- Born: July 30, 1901 Akron, Ohio
- Died: April 27, 1978 (aged 76) Washington, D.C.
- Education: Cornell University; Harvard Law School;
- Employer: U.S. Department of Health, Education and Welfare
- Children: 2
- Parent: Walter Francis Willcox

= Alan Willcox =

American lawyer (1901– 1978)

Alanson Work Willcox (July 30, 1901 – April 27, 1978) was an American lawyer who served as general counsel to the U.S. Department of Health, Education and Welfare.

Willcox was born in Akron Ohio, the son of statistician Walter Francis Willcox. He graduated from The Hill School in 1918, Cornell in 1922, and Harvard Law School in 1926. At Cornell, he was a member of Psi Upsilon.

He worked for the US Government during the Roosevelt and Truman years, from 1934-1953, and later returned to Washington (1961-1969) during the Kennedy/Johnson presidency. Initially he worked as a legal advisor for the Treasury Department but within a short time he started a longer term position with the Social Security Board which had recently been established to implement and operate the Social Security Act of 1935. During that period an important part of his role involved ensuring that the Social Security Act could be defended against constitutional challenges.

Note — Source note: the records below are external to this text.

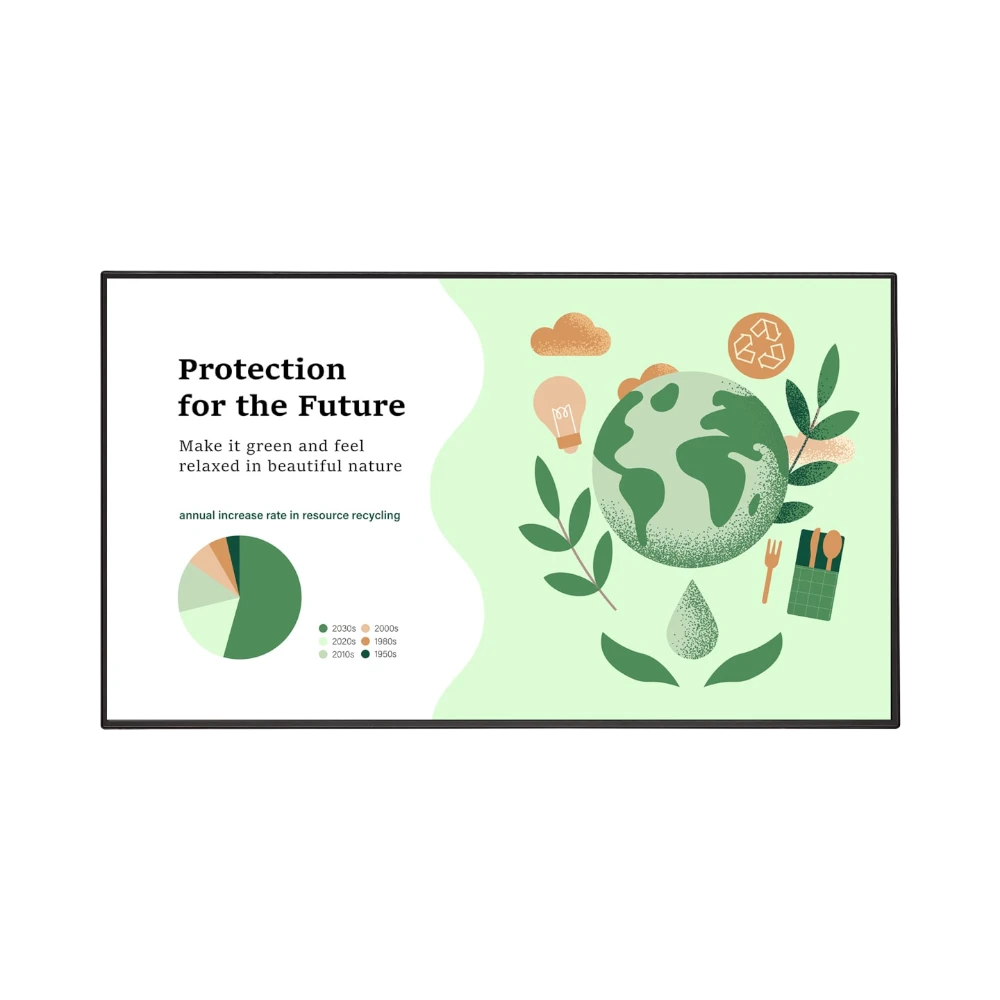 This monitor is a solid choice for businesses that need a dependable, high-quality display for digital signage, corporate communications, or public information screens. Its combination of brightness, durability, connectivity, and smart features makes it well suited for environments like retail stores, airports, hotels, and offices.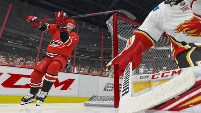 Alas, I've soured a bit on NHL's gameplay overall, especially when playing with the computer. When the A.I. is around, NHL feels somehow more robotic, its lantern-jawed players bumping awkwardly as they try to cycle the puck. A scrum in front of goal feels like a slow-rolling car wreck as players pile up around the net.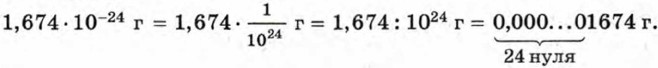 Вернёмся к примеру, рассмотренному в начале пункта. Теперь мы знаем, что запись 1,674 • 10-24 г, выражающая массу атома водорода, означает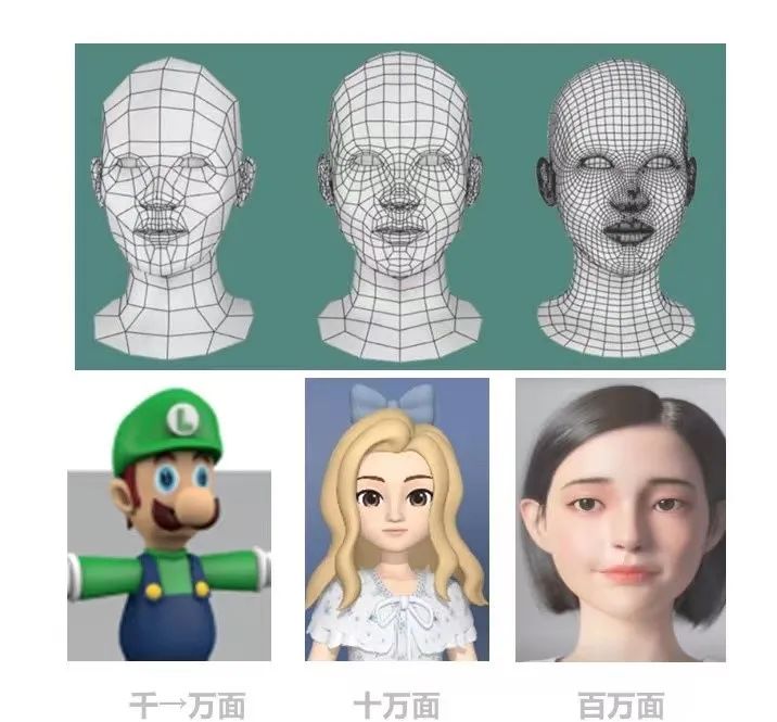 以上六类虚拟人的外形差异主要是由精度和面数所决定的,面数越高则精度越高也就越可以朝真人的外观接近。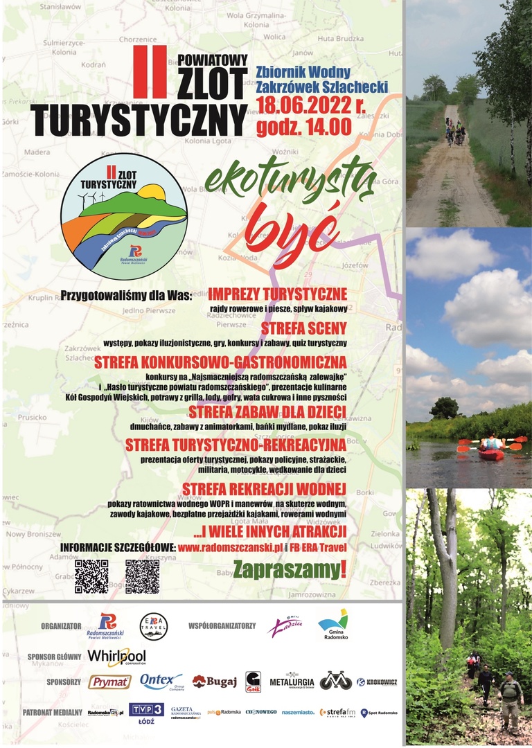 18 czerwca 2022r. wszystkie drogi w powiecie radomszczańskim prowadzić będą nad zbiornik wodny w Zakrzówku Szlacheckim. Wyjątkową możliwość rodzinnego spędzenia długiego weekendu – II Powiatowy Zlot Turystyczny proponuje Starostwo Powiatowe w Radomsku oraz współorganizatorzy wydarzenia - Gmina Ładzice i Gmina Radomsko. W tym roku pod hasłem „Ekoturystą BYĆ”.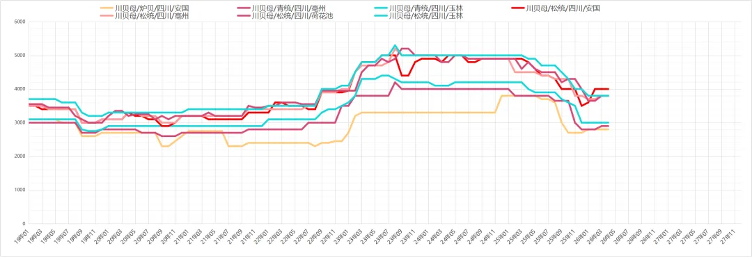 川贝母行情与前期保持平稳,可供货源有量,近期走销一般,现市场川贝母青贝1.0以下的货多报价在3000元,预计短期内行情不会有大的调整。
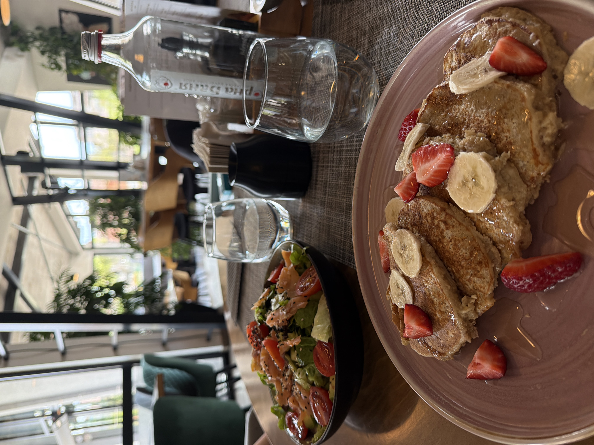The image depicts a table setting in an indoor dining area, likely a restaurant or cafe. The table is set with a glass water bottle, two drinking glasses, a small container (possibly for condiments), and a salad in a black bowl. A pink plate holds what appears to be a stack of pancakes adorned with sliced strawberries and bananas, drizzled with syrup. The foreground reveals a view through a window, showcasing outdoor foliage and possibly urban structures. The location is speculated to be in Montana, Bulgaria, based on contextual information. The overall scene suggests a meal setting, possibly brunch or a light meal, in a well-lit environment.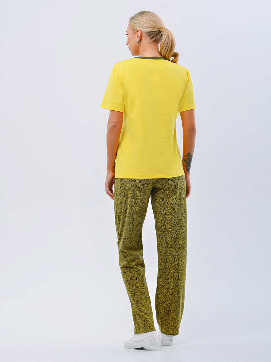 Яркий молодежный домашний костюм, созданный для комфорта и стиля в повседневной жизни. Изготовлен из высококачественной ткани хлопок с добавлением эластана, это обеспечивает отличную посадку и свободу движений. Футболка имеет удобную горловину, выполненную из рибаны, и украшена ярким стойким принтом на полочке, который радует глаз и подчеркивает индивидуальность. Брюки прямого кроя изготовлены из набивного трикотажного полотна с мягкой тесьмой на талии, что обеспечивает дополнительный комфорт при носке.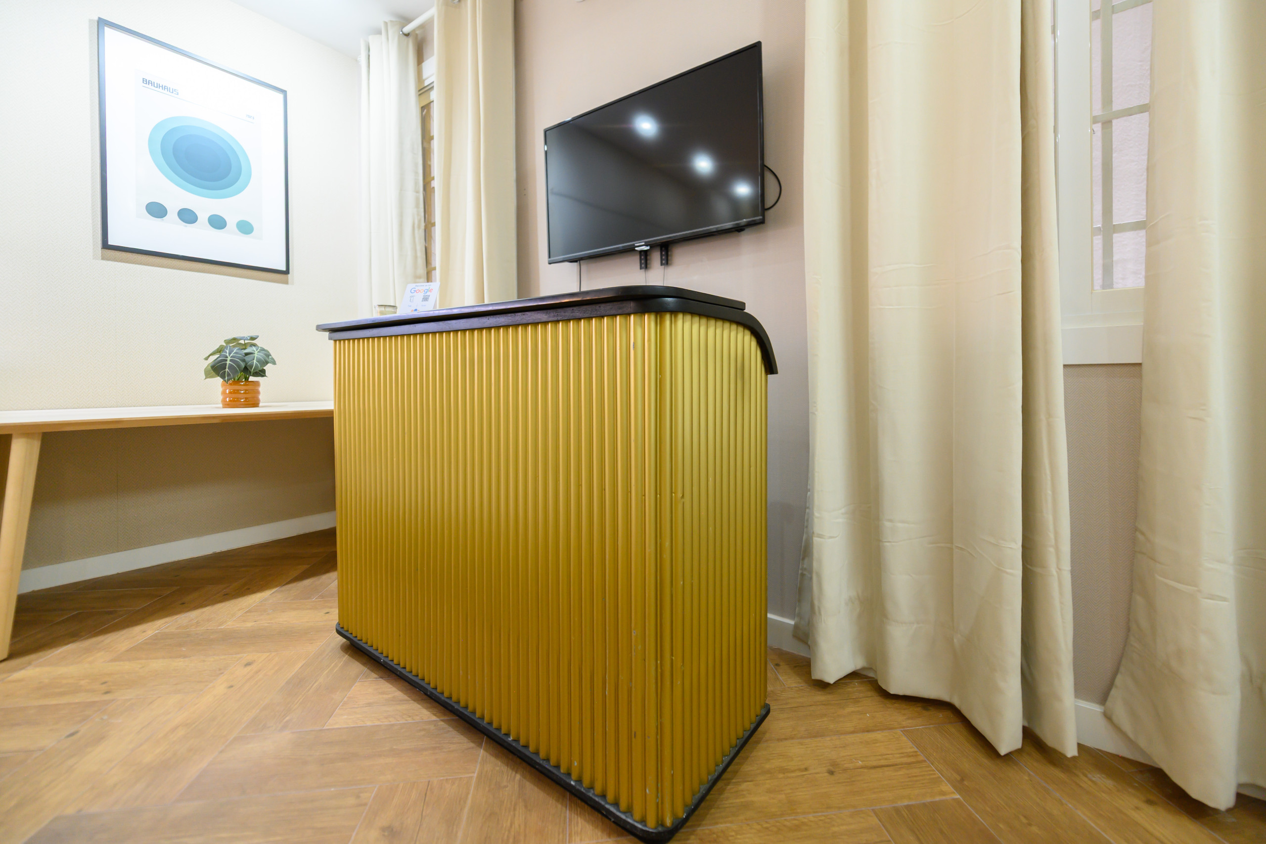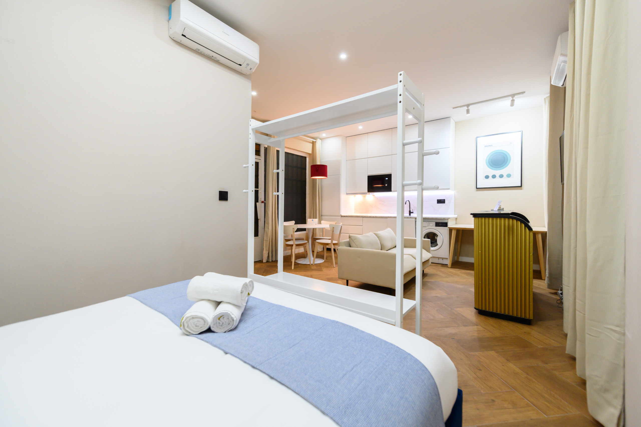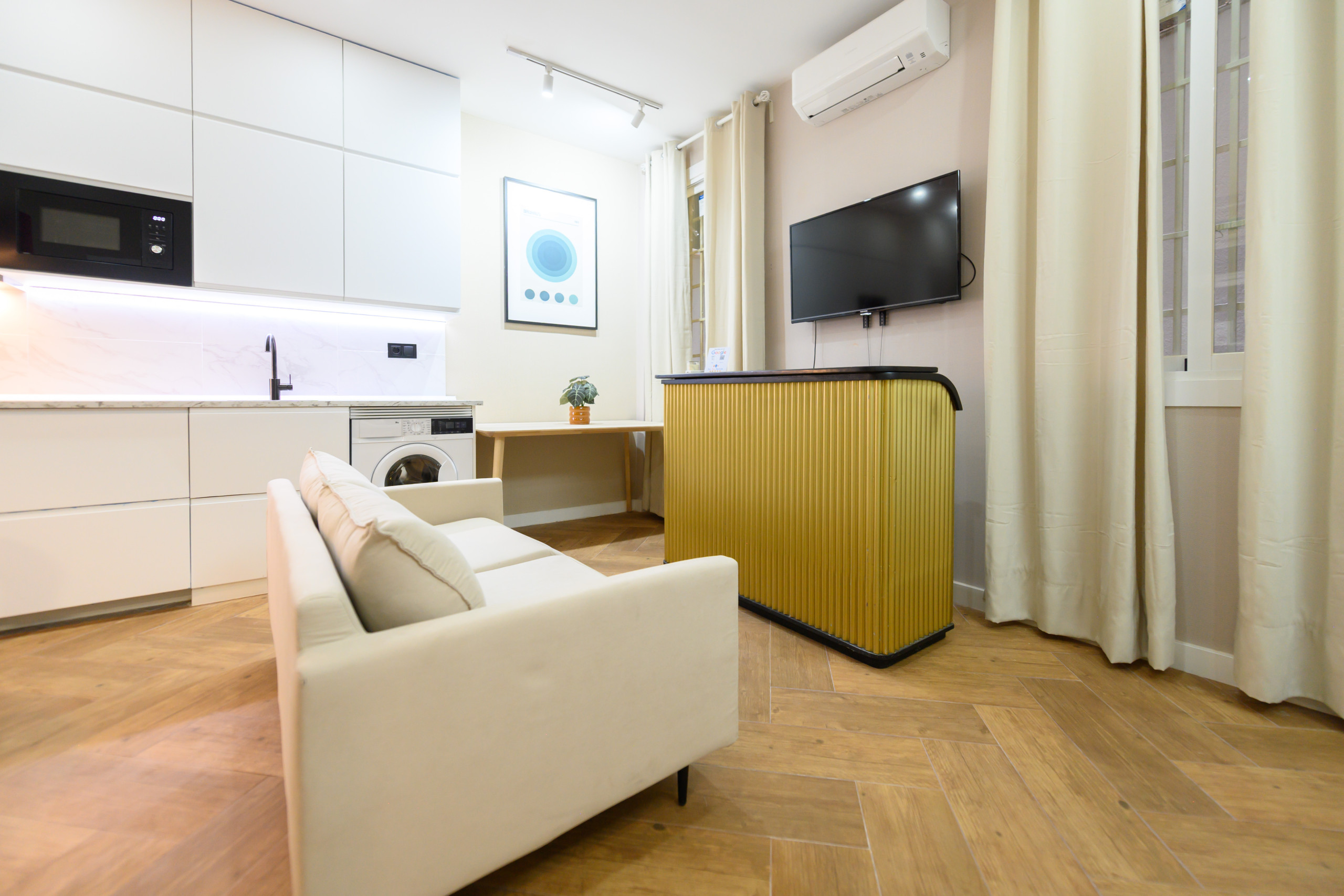 Este acogedor estudio interior de concepto abierto ofrece un espacio moderno, funcional y perfectamente equipado para disfrutar de una estancia cómoda y práctica.

In the sixties he was appointed as general counsel to the U.S. Department of Health, Education and Welfare and was deeply involved in the Social Security Amendments of 1965 which resulted in creation of the Medicare program.

==Mountaineering==
Well into his 40s he was an active climber and alpinist. His climbing partners included Bill House ( a key member of the 1938 American Karakoram expedition to K2), Elizabeth Woolsey and his brother William B. Willcox.

In addition to climbing in the European Alps, he joined Fritz Wiessner, Bill House and Elizabeth Woolsey in 1936 on an expedition that achieved the first ascent of Mount Waddington which, at the time, was Canada’s highest unclimbed peak at 4019 m. Wiessner and House reached the summit; Willcox and Woolsey remained at high camp as the backup pair.

Willcox died at his Washington, D.C. home in 1978, leaving his wife and their two sons.